2 Rettungsassistenten von drei Männern verprügelt

  • Eine ganz einfache Erklärung dafür wäre, daß der Rettungsdienst immer häufiger zu solchen "Patienten" hinzugezogen wird, während solche Einsätze früher überwiegend durch die Polizei oder aber generell ohne fremde Hilfe "abgearbeitet" wurden.

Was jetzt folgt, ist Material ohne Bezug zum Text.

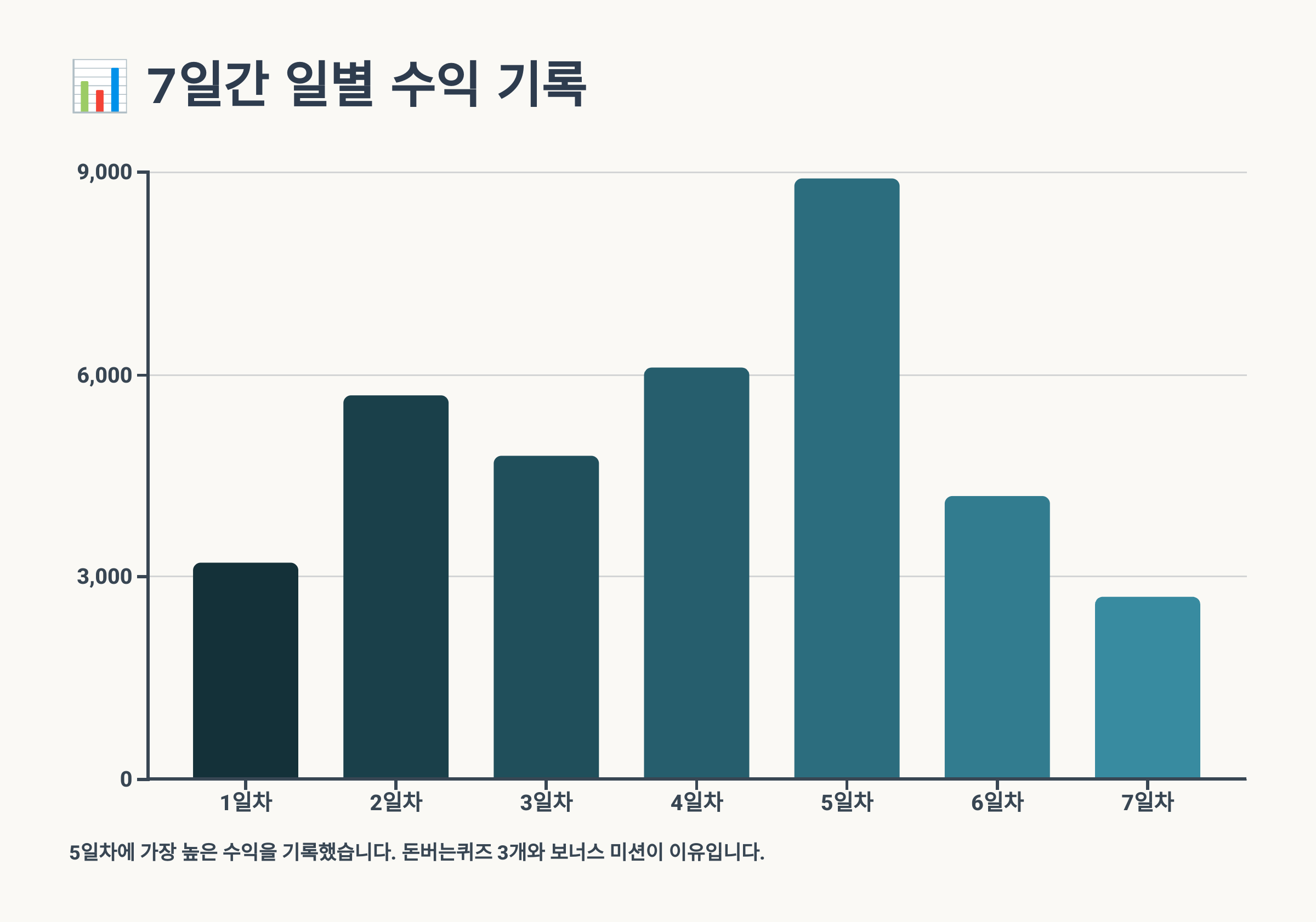 실험 기간은 2025년 5월 28일부터 6월 3일까지 정확히 7일간 진행했어요. 평일과 주말을 모두 포함해서 다양한 생활 패턴에서의 수익을 측정했답니다. 실험 참가자는 30대 직장인으로, 평소 대중교통을 이용해 출퇴근하고 점심시간에 가벼운 산책을 하는 일반적인 생활 패턴을 가지고 있어요. 특별한 운동이나 과도한 활동 없이 자연스러운 일상 속에서 얼마나 수익을 낼 수 있는지 확인하는 것이 목표였답니다.

Ich persönliche glaube nicht an eine allgemein so extrem zunehmende Gewaltbereitschaft der Patienten.

    Früher sind Einsätze wie der Beschriebene durch die Polizei bearbeitet worden? Hätte man damals also nicht den Rettungsdienst, zwecks Behandlung, gerufen?


    Ob die Gewaltbereitschaft jetzt zugenommen hat, kann ich mangels Alter nicht sagen. Zumal Alkoholkonsum ja auch im geschilderten Einsatz eine Rolle gespielt hat. Mal ehrlich, viele würden da sogar ihre Oma angreifen. Was ich aber sagen kann ist, daß eine gewisse Grenze, auch ohne Hilfsmittel, erstaunlich oft überschritten wird. Ob das schon immer so war oder ob man da verklärt, würde mich mal interessieren. Denn wenn man den Angaben der Polizeigewerkschaft(GdP) Glauben schenkt, nehmen ja Angriffe auf Polizeibeamte seit Jahren zu.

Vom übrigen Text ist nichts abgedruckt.